I'd sure be proud of that one.


----------



## John Cooper (Dec 2, 2009)

missalot said:


> whatcha lewis ,coop is eyeballin your bow!,man that is gorgeous.



Well i met lewis today to get a feel for this beauty..... gonna shoot her and post a little feed back ..........if it ever clears up and stops raining.........




LanceColeman said:


> All that would mean is it would be up for sale or trade a week sooner



Oh lance you think you know me so well.......





missalot said:


> i got dibbs!!!!



John not so fast there big boy.............

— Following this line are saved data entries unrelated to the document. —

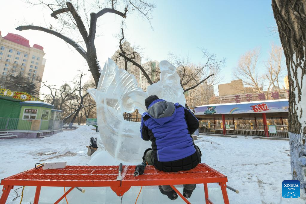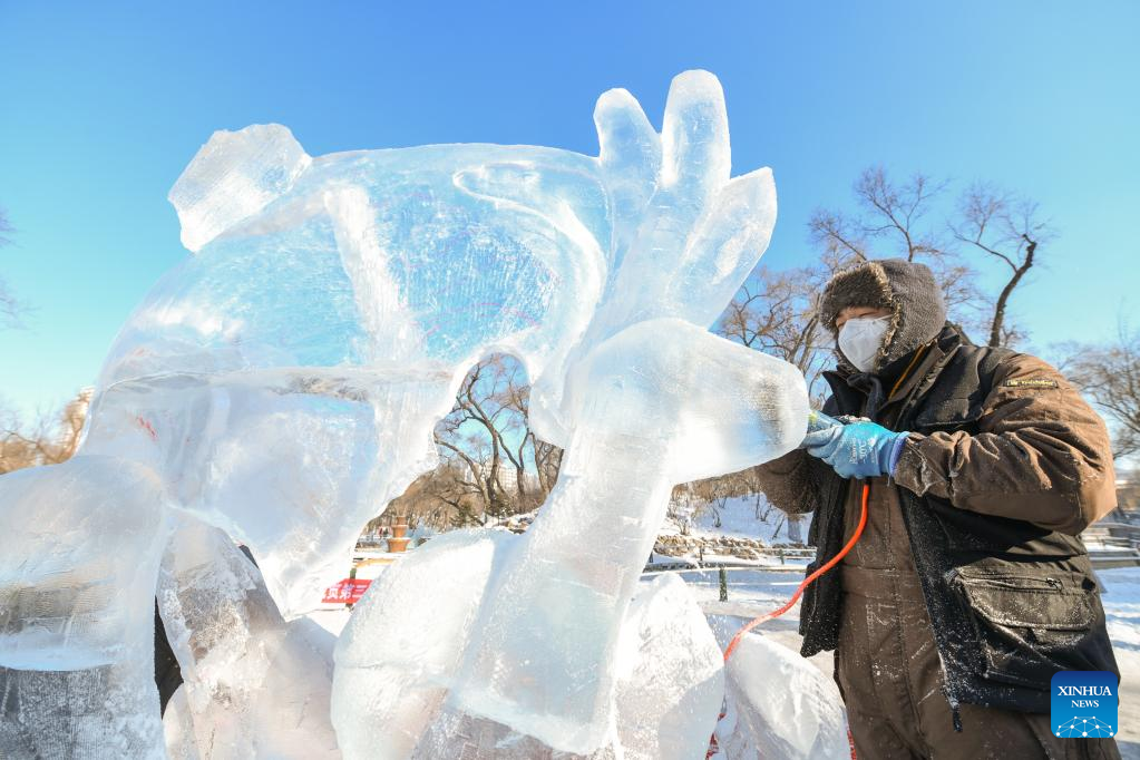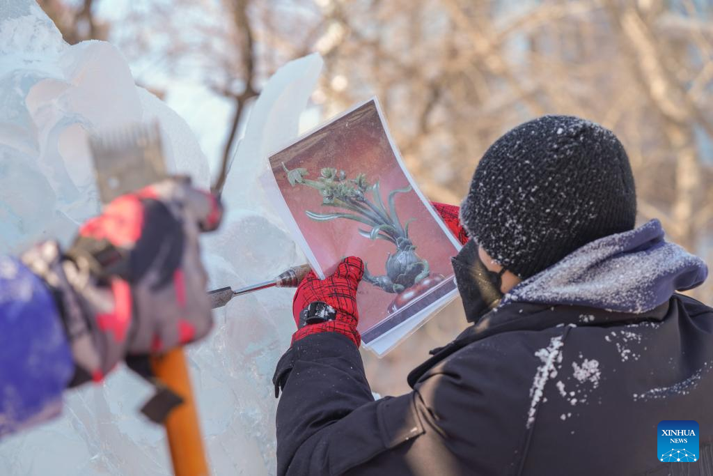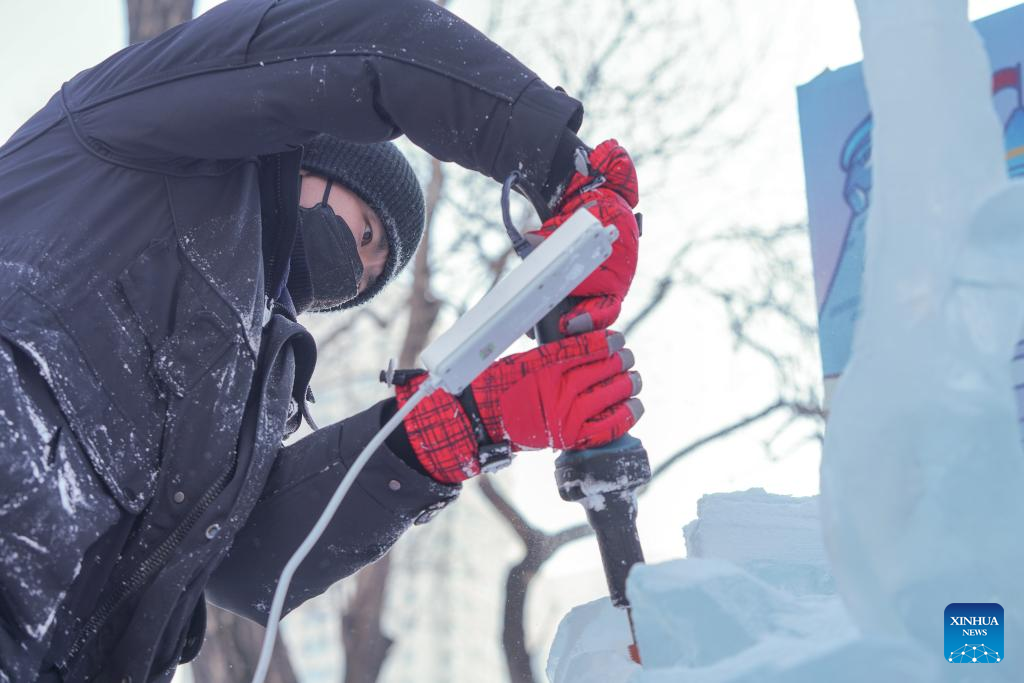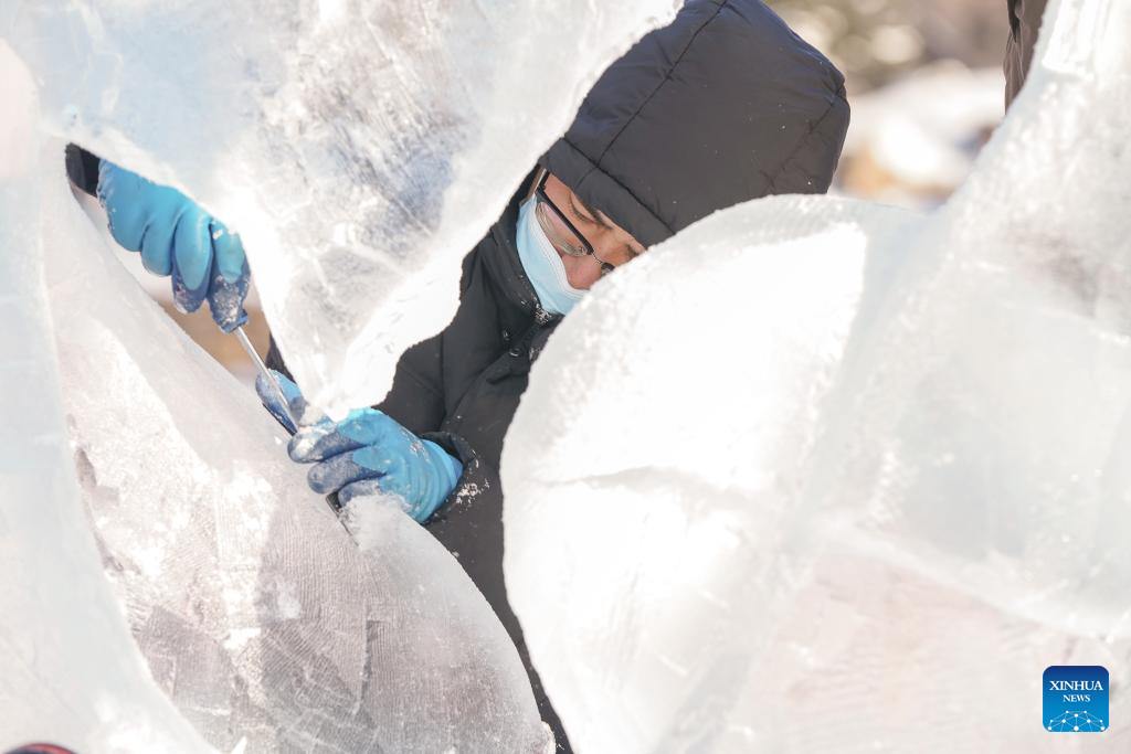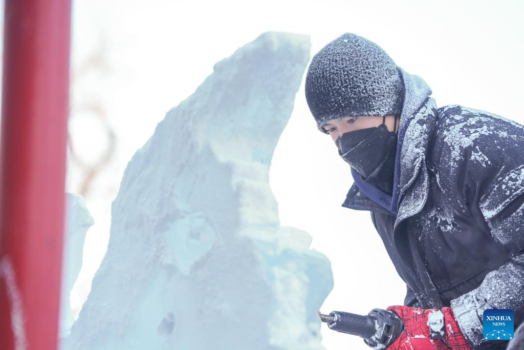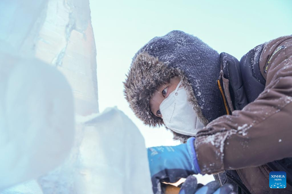 A contestant works on an ice sculpture during a competition at an ice lantern fair in Harbin, northeast China's Heilongjiang Province, Jan. 4, 2023. (Xinhua/Wang Song)
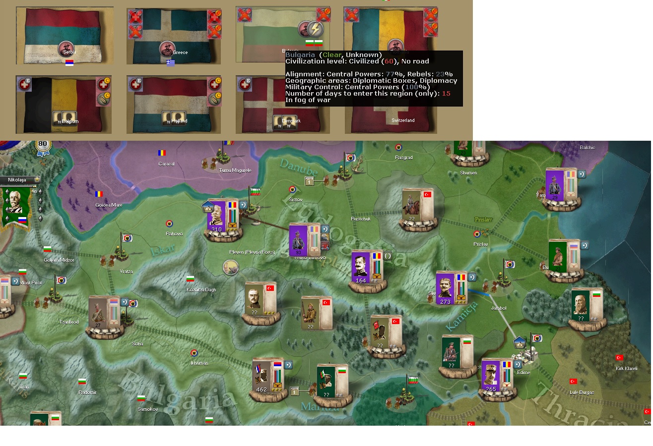 Kensai wrote:The thunder icon you see in their flag means they have lost their capital (Sofia). I believe that in a future patch we could have countries lose alliance alignment (gaining towards Rebel sentiment!) much faster when they have lost their capital. This will be the best of both worlds: yes a country won't last long, but if it had a good alignment beforehand it won't crumble immediately.
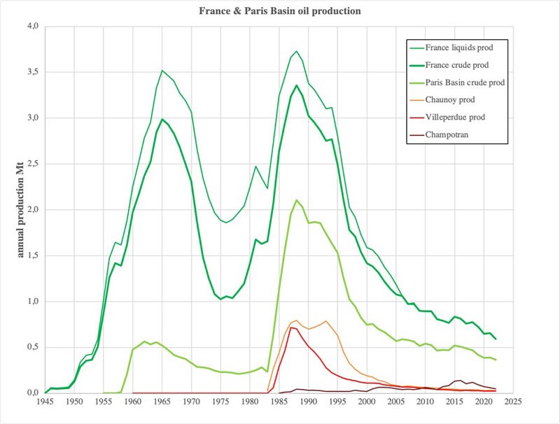 Oil production statistics of the Paris Basin, sources Bureau Exploration-Production des Hydrocarbures and Comité Professionnel du Pétrole
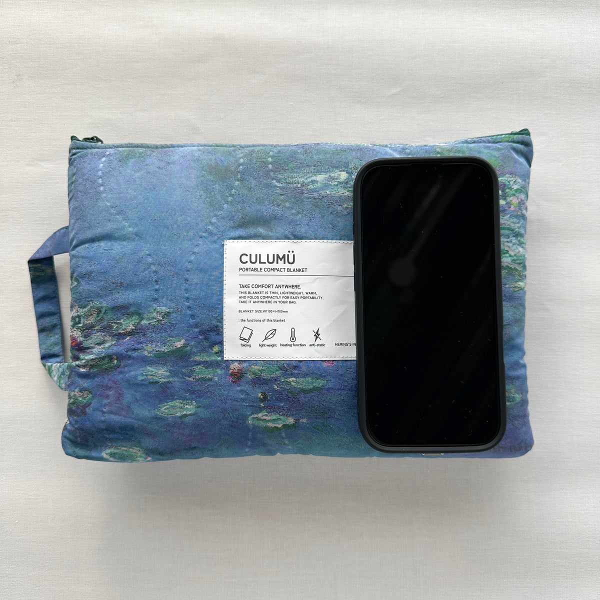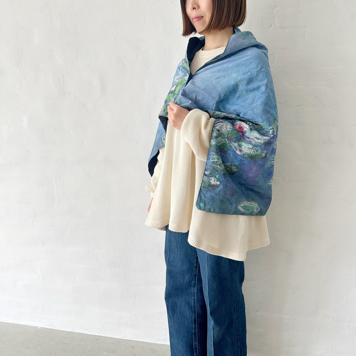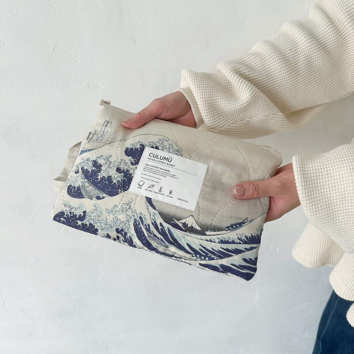”CULUMU(クルム)” は薄くて軽くて暖かい、小さくたたんでコンパクトに持ち運べるブランケット。くるっと巻く仕草「くるむ」から名付けました。“CULUMU”は、オフィスやスポーツ観戦、ピクニックやフェスなどどこにでもバッグに入れて持っていけるサイズ感がポイント。発熱フリースを使用しているので暖かく、また静電気防止加工が施されているので、冬場のちょっとしたストレスを軽減してくれます。CULUMUは、膝掛け、ケープ、ボレロ、巻きスカートの4wayで使用できるので、外やオフィス、お家の中でなど、シーンに合わせた使い方ができるのもうれしいポイントです。軽量コンパクトなのでバッグに入れてどこにでも持ち運べます。オフィスや車に常備しておいても便利です。MUSEUMシリーズは、日本の名画、世界の名画の全6種類。

I think it will be staying with me for a awhile........


----------



## missalot (Dec 2, 2009)

come on coop ,from one bow ho to another, let me play with it a while!!!


----------



## robert carter (Dec 2, 2009)

You need to send that bow on down here for some training.I`ll go ahead and get all the missies out of it so you other fellas won`t have to.RC


----------



## John Cooper (Dec 2, 2009)

ha, swamper.......i'll send it to ya cause i know you will teach it how to kill................but, i will have to tag along also..........


----------



## gurn (Dec 3, 2009)

I'll bet ya I can clean that thing out of missies quicker than RC can. Let me, the missin pro, get ah hold of it. There wont be nary ah one left.


----------